LSD1-IN-14 (compound x43) demonstrates significant efficacy in inhibiting the proliferation of A549 and THP-1 cells at concentrations ranging from 0 to 20 μM over 72 hours, achieving IC50 values of 1.62 μM and 1.21 μM, respectively [1]. At lower concentrations (0-3 μM; 72 hours), it notably increases the expression of H3K4me2 and H3K9me2 in A549 cells in a dose-responsive manner, alongside inducing apoptosis in 53.6% of these cells, also in a concentration-dependent fashion [1]. Furthermore, LSD1-IN-14 showcases remarkable metabolic stability in human liver microsomes with a half-life of 103.3 minutes and minimal inhibition of cytochrome P450 enzymes, indicated by a Cl int(mic) value of 13.4 μL/min/mg when tested at 1 mM for 60 minutes [1]. This compound exhibits profound antiproliferative effects and mechanistic insights into epigenetic modulation and apoptosis induction, making it a promising candidate for further research [1].
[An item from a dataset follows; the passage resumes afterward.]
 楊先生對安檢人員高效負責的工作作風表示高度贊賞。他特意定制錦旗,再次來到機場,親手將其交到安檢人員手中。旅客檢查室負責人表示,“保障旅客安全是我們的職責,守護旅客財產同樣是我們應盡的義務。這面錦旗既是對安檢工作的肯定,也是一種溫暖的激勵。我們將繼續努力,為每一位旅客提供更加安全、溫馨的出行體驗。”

LSD1-IN-14, administered at dosages of 2 mg/kg intravenously (i.v.) and 10 mg/kg intragastrically (i.g.) to male Sprague-Dawley rats, exhibits an acceptable half-life and oral bioavailability. Pharmacokinetic analysis revealed: for i.v. administration, a peak concentration (C max) of 41.1 ng/mL, a half-life (T 1/2) of 1.0 hour, a steady-state volume of distribution (Vd ss) of 6.6 L/kg, a clearance rate (Cl) of 156 mL/min/kg, and an area under the curve (AUC 0-t) of 126 ng.h/mL extending to 152 ng.h/mL (AUC 0-∞). For i.g. administration, the peak concentration reached 575 ng/mL at a T max of 0.8 hours, a half-life of 2.8 hours, with an AUC 0-t of 211 ng.h/mL extending to 214 ng.h/mL (AUC 0-∞), reflecting an oral bioavailability of 11.9%. These findings suggest LSD1-IN-14 has promising pharmacokinetic properties for further development.